As mentioned, Friden was confident in Gelotte’s abilities to carry the music on his own. The only sense of real pressure Gelotte felt came from within, and even then it was tempered by the In Flames family bond.

“I was never worried because we have a good dialogue,” he says. “Of course, when we start talking about making new music each guy in the band wants something, so it’s a lot of discussion. We’re not opposites, but we’re quite far away from each other musically, and I think that’s part of the strength of In Flames. The more we spread out musically the more we have to compromise, and that gives us a pretty solid point of where our different tastes meet. It gives us a very big playing field.”
“We had the opportunity to do things a little bit differently,” Gelotte continues. “We worked more around the vocals than we’ve ever done before. In the past we focused on the vocals in the last week of recording, and maybe they didn’t get the attention they needed.”

Case in point with the track ‘Ropes’, a song that is all about Friden’s performance and is guaranteed to freak out some of the more critical fans lurking in the aisles.

“I fucking freaked when I was doing it,” Friden laughs. “When we were in the middle of doing vocals for the track I just stopped him and realized we were doing a song without any screams whatsoever.

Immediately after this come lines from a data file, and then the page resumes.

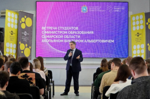 В этот же день министр образования Самарской области встретился со студентами Университета сервиса. Виктор Акопьян рассказал о возможности для каждого выпускника вуза бесплатно пройти профессиональную переподготовку по направлению «Педагогика» с правом преподавать в школах. Встреча прошла в формате открытого диалога, где каждый мог задать свои вопросы министру.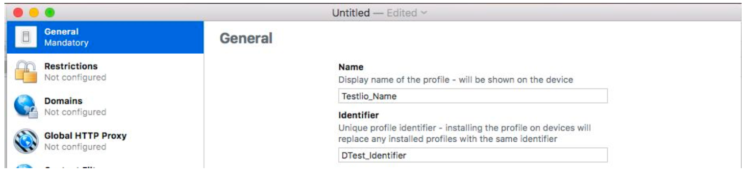 Close the Profile by clicking the red circle and save the configuration (as a .mobileconfig file).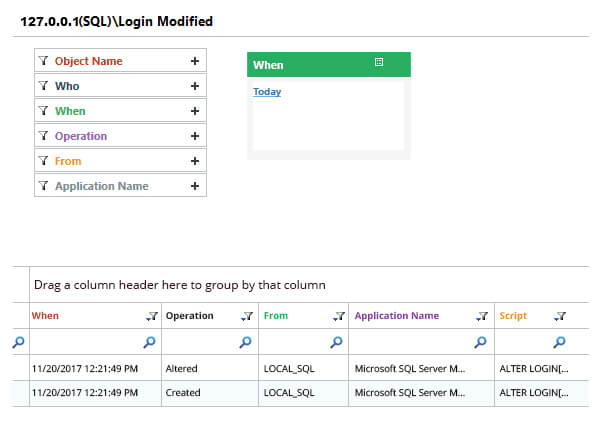 Lepide SQL Server Auditor provides you with a simple means of seeing who, what, where and when changes are made to your SQL servers and automatically sends you real-time or threshold-based alerts and detailed reports when needed. It even helps you keep track of the overall health of your SQL Servers.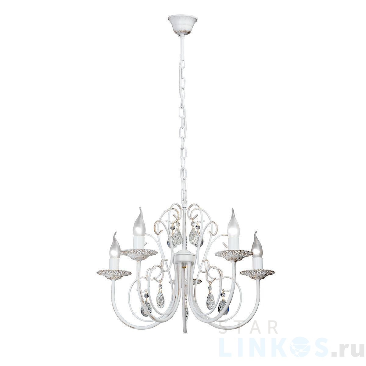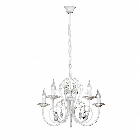 Поставщик рекомендует использовать лампы накаливания с цоколем E14 для освещения площади 15 м2. Подвесная люстра Vitaluce V1398/5 в классическом стиле используется в интерьере спальни с установкой на потолок.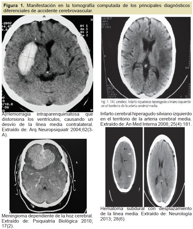 En nuestro estudio no se reportó ningún caso. Parece ser que las recomendaciones de medición de la glicemia en pacientes que presenten esta sintomatología, especialmente adultos mayores, han sido bien asimiladas por el personal de atención primaria19. En la Figura 1 se presentan los principales diagnósticos diferenciales de los accidentes cerebrovascular y su manifestación en la tomografía computada.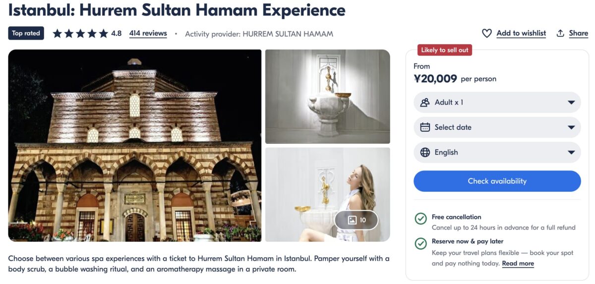 | ハセキ・ヒュッレム・スルタン・ハンマーム | 約50ユーロ〜185ユーロ | 基本的な入浴、マッサージ、スクラブ、バブルバス、ドリンク。オールインクルーシブのパッケージには食事も含まれます |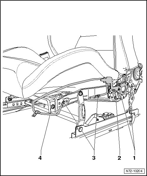 • As of MY 10, the bracket - 4 - is riveted to the seat pan with bolts - 1 - and - 3 -. Drill out the blind rivet to remove the bracket.

It was good to know that it had come naturally, which was a surprise to both of us. I did some tracks on Come Clarity that had clean vocals, but not leaning more on the heavy side. I definitely had more time, and we did put more into the vocals, definitely.”
“I had a bunch of lyrics written, like I always do when I go into the studio, but as we went along I felt I had to approach things from a different angle because I wanted to put more into the vocals. I started writing the lyrics from the beginning, and then we started coming up with melodies and arrangements. Believe it or not, a lot of things on this album were very spontaneous. Obviously, we thought about what we’re doing, but there are parts on the album that were very spur-of-the-moment and we just went with the flow. We’re still the best band in the world to write an In Flames song (laughs). Wake us up in the middle of the night and we can write you an In Flames riff when we’re half asleep, but to be able to twist and turn the formula and take the music to new places is what made making this album interesting for me.”

In Flames is constantly moving forward, yet many older fans insist on holding the new material up against the early death metal albums like Lunar Strain (1994), The Jester Race (1996) and Whoracle (1997) and carving it to pieces. Asked how he feels about battling their past in 2011, Friden could care less about the hate that gets splattered all over the world wide web.

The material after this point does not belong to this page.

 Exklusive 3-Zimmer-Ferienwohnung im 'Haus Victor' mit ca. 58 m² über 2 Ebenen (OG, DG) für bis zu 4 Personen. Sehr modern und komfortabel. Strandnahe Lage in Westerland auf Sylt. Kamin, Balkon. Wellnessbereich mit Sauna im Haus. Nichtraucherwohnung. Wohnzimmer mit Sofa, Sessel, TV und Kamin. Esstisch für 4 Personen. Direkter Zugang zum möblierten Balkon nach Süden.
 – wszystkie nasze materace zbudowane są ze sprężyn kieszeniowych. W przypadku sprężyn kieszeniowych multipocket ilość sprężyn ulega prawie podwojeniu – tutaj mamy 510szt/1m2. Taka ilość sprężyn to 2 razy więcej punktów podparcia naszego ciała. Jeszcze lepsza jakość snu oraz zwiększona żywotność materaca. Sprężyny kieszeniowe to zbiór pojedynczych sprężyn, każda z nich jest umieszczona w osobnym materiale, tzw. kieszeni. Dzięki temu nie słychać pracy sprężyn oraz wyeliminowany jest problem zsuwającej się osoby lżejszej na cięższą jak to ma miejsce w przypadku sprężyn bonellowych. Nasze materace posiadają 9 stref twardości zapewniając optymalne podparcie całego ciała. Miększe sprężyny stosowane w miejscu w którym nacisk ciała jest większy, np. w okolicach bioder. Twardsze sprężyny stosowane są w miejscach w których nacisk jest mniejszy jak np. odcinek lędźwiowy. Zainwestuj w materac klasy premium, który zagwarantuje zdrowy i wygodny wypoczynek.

“If we look at the album we can take one riff and remove all the studio production we have on it, put it through the same shitty conditions we had on Lunar Strain and stick it in the middle of that album, I promise you, you won’t hear a difference. We’re still the same. We’ve never tried to escape from our past. Our intention has always been to bring out past with us. As I said, we can turn our sound inside out, but we’re still able to keep the melody and the aggression. If you can hear elements of Whoracle or Colony or one of our other albums on the new one, that’s awesome.”